Why-o-why have the PostgreSQL developers decided to do it this way...?"
I don't know these other rdbms, but it sounds strange to have
transaction and not rollback if something is wrong...
Option in db i don't think is good generic solution because that
business rule is dynamic... In some case user wants to import
everything what is ok.. And then manually fix errors, but in some not
simply they want all or nothing...
so manually entering and import are two different processes...

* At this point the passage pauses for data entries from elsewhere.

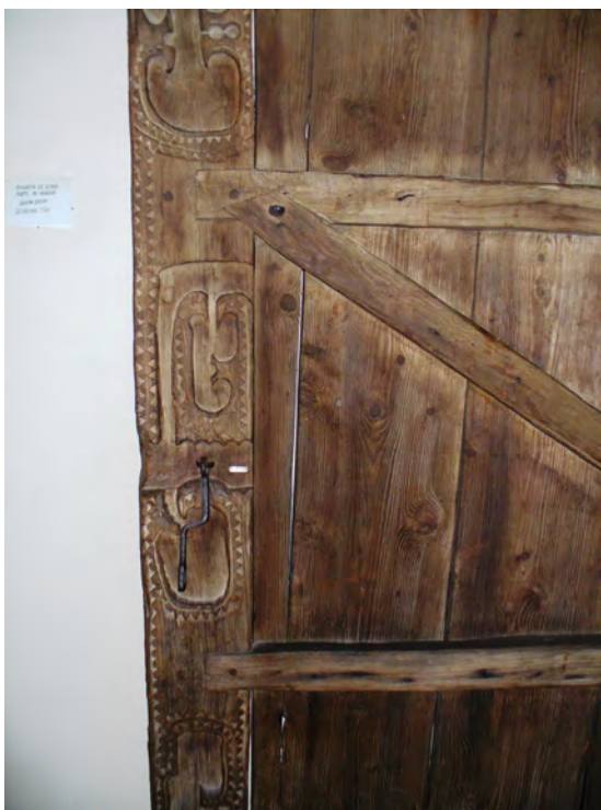
fig. 6 Poartă de șură de la Muzeul Etnografic din Sighet

Totuși, credem că un număr de uși, de șuri și grajduri din colecțiile Muzeului Maramureșului din Sighet par să reprezinte acest animal mitic; iată o imagine (fig. 6) din această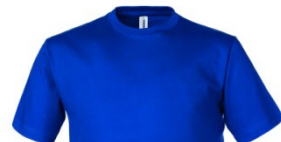
06 – BLEU CLAIR ROYAL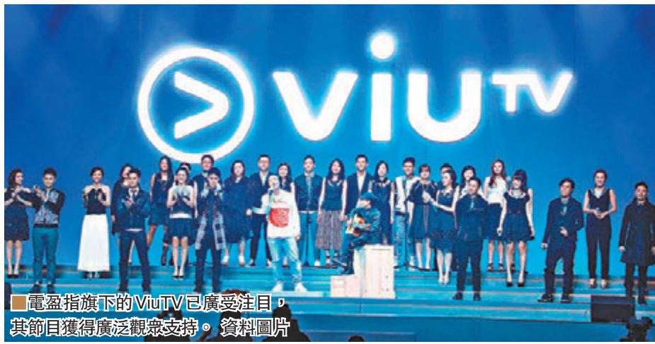
電盈旗下的ViuTV已廣受注目,其節目獲得廣泛觀眾支持。資料圖片

香港文匯報訊(記者 陳楚倩)電盈(0008)昨公佈中期業績,期內賺8.68億元,按年減少19%,每股基本盈利11.4仙,中期息派8.16仙。期內核心收益增加2%至184.09億元;計入盈大地產(0432)的綜合收益增加2%至185.24億元。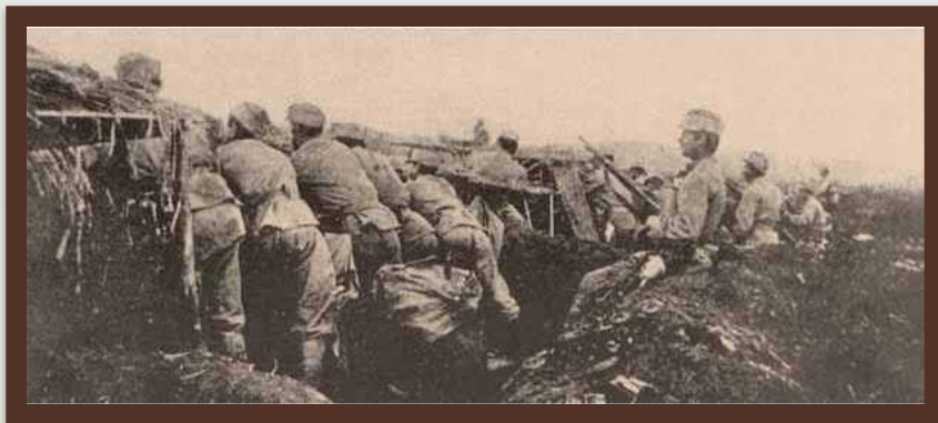
Січові стрільці в окопах під Галичем. 1915 р.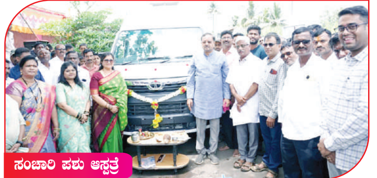
ಸಂಚಾರಿ ಪಶು ಆಸ್ಪತ್ರೆ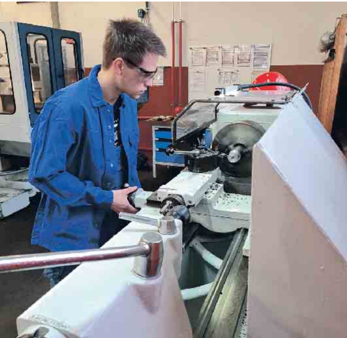
Mädchen und Jungen, die sich für den Werkstoff Kupfer interessieren, können zum Beispiel eine Ausbildung zum Zerspanungsmechaniker Drehtechnik (m/w/d) in Betracht ziehen.

aber auch Fachleute für erneuerbare Energien einen sicheren Arbeitsplatz. Mädchen und Jungen, die sich für den Werkstoff Kupfer interessieren, können zum Beispiel eine Ausbildung zum Verfahrenstechnologen, Stanz- und Umformungsmechaniker oder Zerspanungsmechaniker in Betracht ziehen oder über ein klassisches oder duales Studium einen Abschluss als Entwicklungsingenieur Metall oder Werkstoff Ingenieur erlangen. In ihrem späteren Berufsleben kümmern sie sich um die Planung oder Herstellung, Konstruktion oder Wartung, um die Weiterentwicklung von Anlagen und Anwendungen oder Verbesserung der Produktion. Unter www.kupfer.de und unter dem Hashtag #copperjobs finden Interessierte Berufsbilder in der Kupferindustrie sowie Firmen der Kupferbranche, die Ausbildungsplätze und offene Stellen auf ihren Unternehmenswebseiten anbieten. Unverzichtbares Funktionsmetall Kupfer ist mit seinen über 400 Legierungen wichtiger Bestandteil innovativer Entwicklungen - ob in der industriellen Anwendung, der Energietechnik, der Architektur oder in der Informations- und Kommunikationstechnologie. Kupfer ist ein relativ weiches und dehnbares, aber auch widerstandsfähiges Metall, das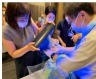
M I C Cの感染対策訓練 排泄物処理手技訓練の様子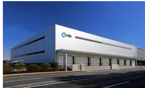
6 ロジスクエア久喜II 2017年2月竣工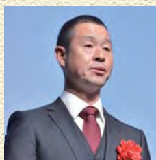
服部農園有限公司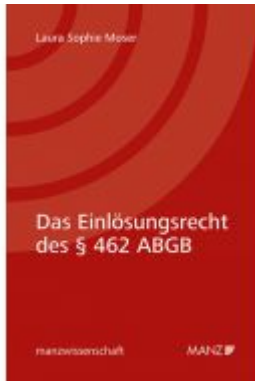
Das Einlösungsrecht des § 462 ABGB Ladenpreis: 59,00EUR

Wir haben andere Produkte gefunden, die Ihnen gefallen könnten!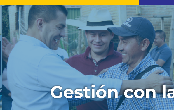
Gestión con la comunidad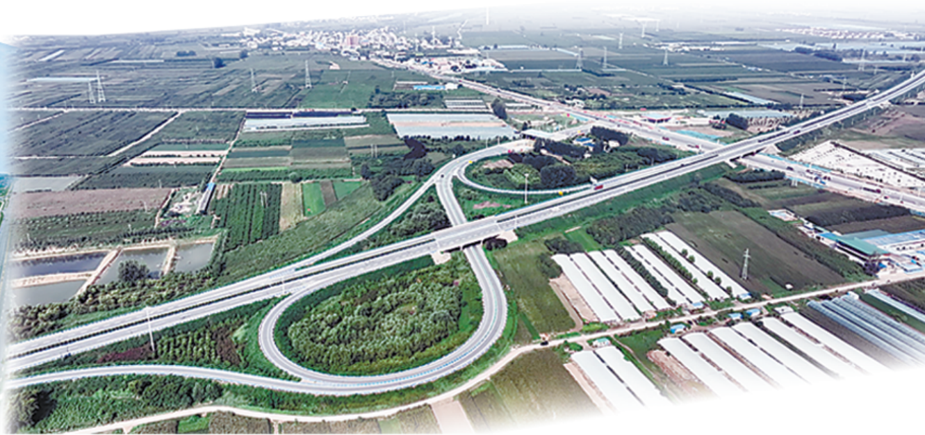
内联外通 四通八达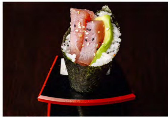
75. Temaki tonno avocado € 6,00 tonno,avocado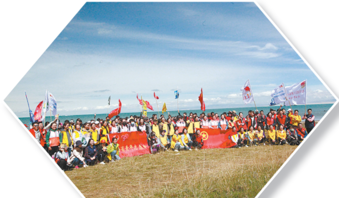
“保护青海湖 我是志愿者”青年志愿者联合行动。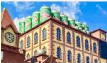
พิพิธภัณฑ์เบียร์ซิงเต่า

Our solution for partial import case is to import all data to staging
table without constraint... Validate data... Import valid... Not valid
show to user so they can fix what is wrong etc...
Kind Regards,
Misa
Sent from my Windows Phone
From: Jan Bakuwel
Sent: 30/12/2011 23:52
To: pgsql-sql@postgresql.org
Subject: Re: [SQL] Current transaction is aborted, commands ignored
until end of transaction block
Hi Leif,
On 30/12/11 22:44, Leif Biberg Kristensen wrote:
> Fredag 30. desember 2011 09.43.38 skrev Jan Bakuwel :
>
>> Would be nice to have an option in PostgreSQL something along the lines
>> of: 'abort-transaction-on-constraint-violation = false'....

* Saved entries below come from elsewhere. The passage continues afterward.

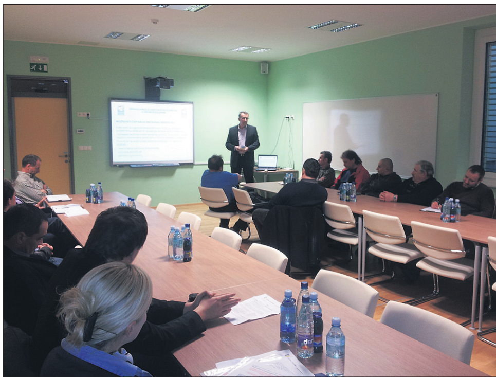
Okrogle mize podjetnikov, ki jo je organiziralo vodstvo občine Podlehnik, da bi ugotovilo, kakšne so potrebe domačih podjetnikov in kako naj temu sledi občinski razpis za podjetništvo, za katerega je namenjenih 15.000 evrov, se je udeležilo 18 domačih podjetnikov in obrtnikov, med njimi vsi največji.

Po statističnih podatkih oz. rezultatih smo imeli v Podlehniku konec leta 2011 s 14,2 % najvišjo stopnjo brezposelnosti, sledil je Videm z 12,8 %, Markovci z 10,2% in Žetale z 9,6%. Nadalje je ugotovljeno, da ima Podlehnik 47 podjetij na 1000 prebivalcev, Markovci jih imajo 66 na 1000 prebivalcev, Videm 42, Žetale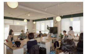
ワーケーションスペース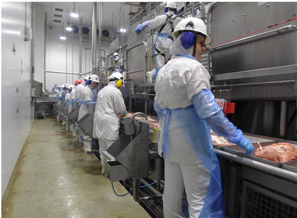
Figura 8: Funcionários da Inspeção Federal na mesa de inspeção de vísceras (SIF 160/2017).

Obedecendo a ordem do fluxograma da Portaria 711, é realizado a inspeção da Linha B (intestino, estômago, baço, pâncreas e bexiga) em que cortam-se os nodos linfáticos da cadeia do mesentério, realizam a palpação e a avaliação de odores dos órgãos. Por seguinte, é realizada a inspeção da Linha C (língua e coração) em que secciona-se o coração e a língua, principalmente para pesquisa de cisticercose ou alguma inflamação.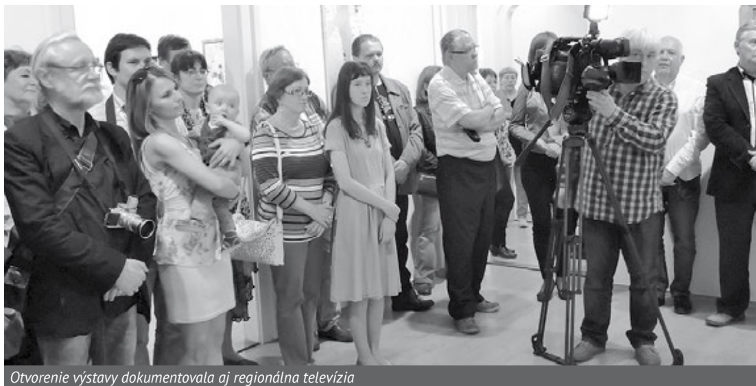
Otvorenie výstavy dokumentovala aj regionálna televízia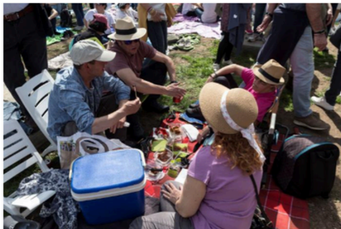
La nevereta per a les begudes / LLUÍS CLOTET

De fet, l'epicentre del Pícnic és l' escenari Vela . Des d'allà dalt va anar presentant els grups, un darrere l'altre, el mític Valentí Grau. Micròfon en mà i acolorida camisa al tors, el codirector artístic del festival va adreçar unes paraules amb la seva "vibratio" i emoció habitual.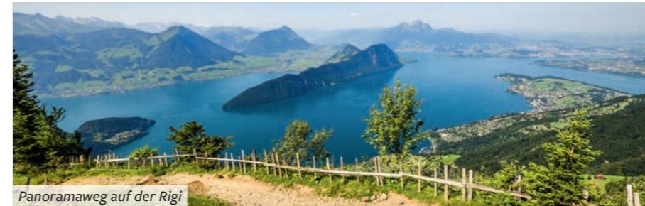
Panoramaweg auf der Rigi

Wir lernen Chur, die älteste Stadt der Schweiz, kennen. Am Nachmittag besteigen wir den Glacier Express, den "langsamsten Schnellzug der Welt". Die Strecke ist abschnittsweise als Zahnradbahn angelegt, sodass der Zug mühelos große Höhenunterschiede überwinden kann. Durch die grandiose Schlucht des oberen Rheins erreichen wir am Oberalppass mit 2044 m den Scheitelpunkt der Strecke. In engen Windungen schlängelt sich der Zug durch die Hochgebirgslandschaft und schließlich ins Rhônetal hinunter, steigt dann wieder an, bis wir nach ca. fünfstündiger Reise in Zermatt eintreffen. Der zu Füßen des Matterhorns gelegene Bergort ist autofrei und umso schöner von uns zu Fuß zu erkunden. Unser Gepäck reist mit uns ab Chur und wird in Zermatt zum Hotel transportiert.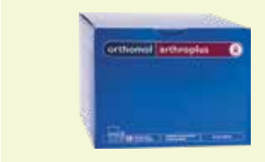
orthomol arthropus 30 Tagesportionen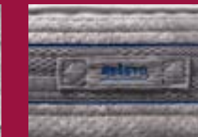
důmyslné boční odvětrání potahu i s praktickým úchopem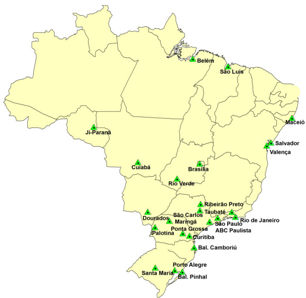
FIGURA 6. Projetos carroceiros existentes nas universidades brasileiras.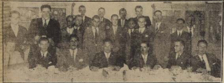
Comida de los ex alumnos de los Padres Franceses

> That option is called MySQL with MyISAM tables.
>
> Seriously, if the user encounters a constraint violation, that is IMO a
> symptom of bad design. Such conditions should be checked and caught _before_
> the transaction begins.
Really?
One of my detail tables here is a list of codes. The design currently is
so that you are not allowed to add two identical codes in that table for
a particular related master record, ie. if you try it raises a
constraint violation (duplicate key). Users try anyway (you know those
pesky users doing things they're not supposed to do).

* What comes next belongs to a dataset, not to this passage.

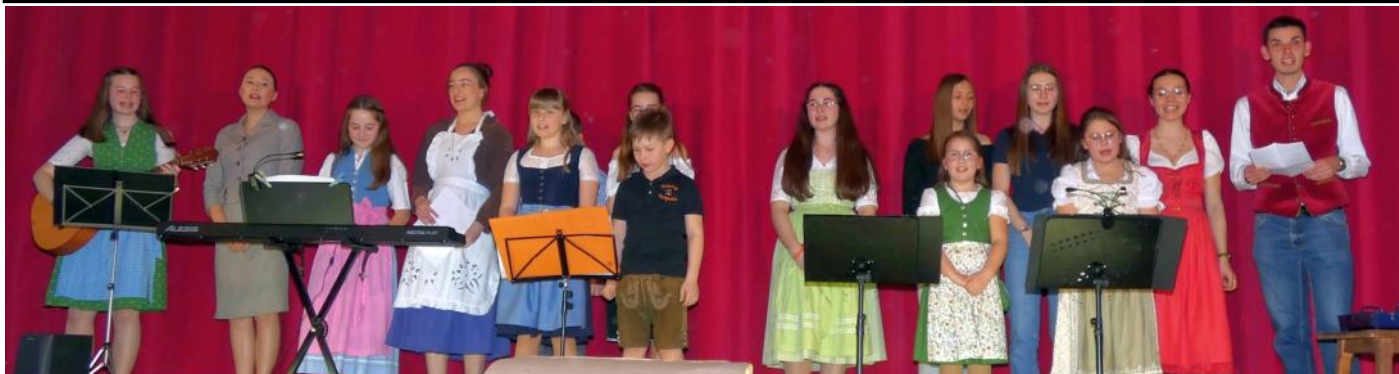
Die Kolpingjugend eröffnete den Abend mit ihrem Lied, in dem sie musikalisch erklärt, was ein "Dipferlscheißer" ist.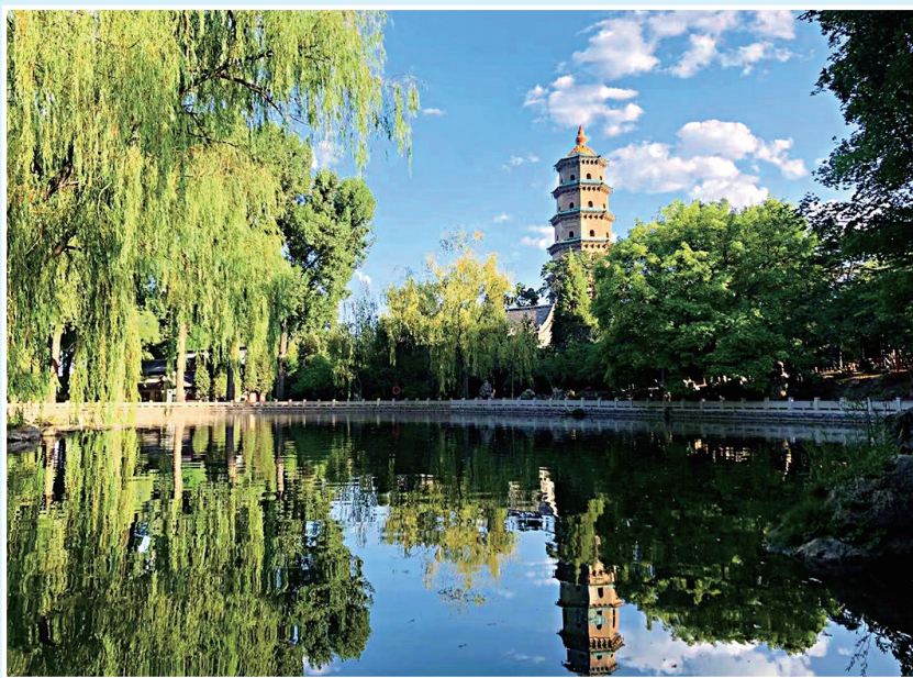
晋祠一角

我常自责，为什么要粗暴地打断母亲幸福的时刻，我为什么就不能耐心地倾听母亲讲过去的故事？她还有多少这样的幸福时刻？

Why would that a bad design?
I simply want to tell the user: sorry you can't do this because it
violates a constraint (duplicate key).
Sometimes they try to delete something that has other records referring
to it and the database design is so that it won't cascade delete (for
various reasons). In that case I want to tell them: sorry you can't do
this because there are related records.
In a well designed system, you'd have those constraints at the database
level not the application level and use exception handling to deal with
these, not write tests to find out the possible error conditions
beforehand. Of course it's possible to write code around all of this
(and I'm starting to realise that is what I might have to do) but I
consider that bad design.
I don't claim to know all other RDBMS but I think PostgreSQL might be
one of the few (or only one) that considers a constraint violation
something really really really serious... so serious that the
transaction will have to be aborted. Quite a few other RDBMS will give
you the error but will also allow you to continue on your merry way (and
not loose everything you've done up to that point).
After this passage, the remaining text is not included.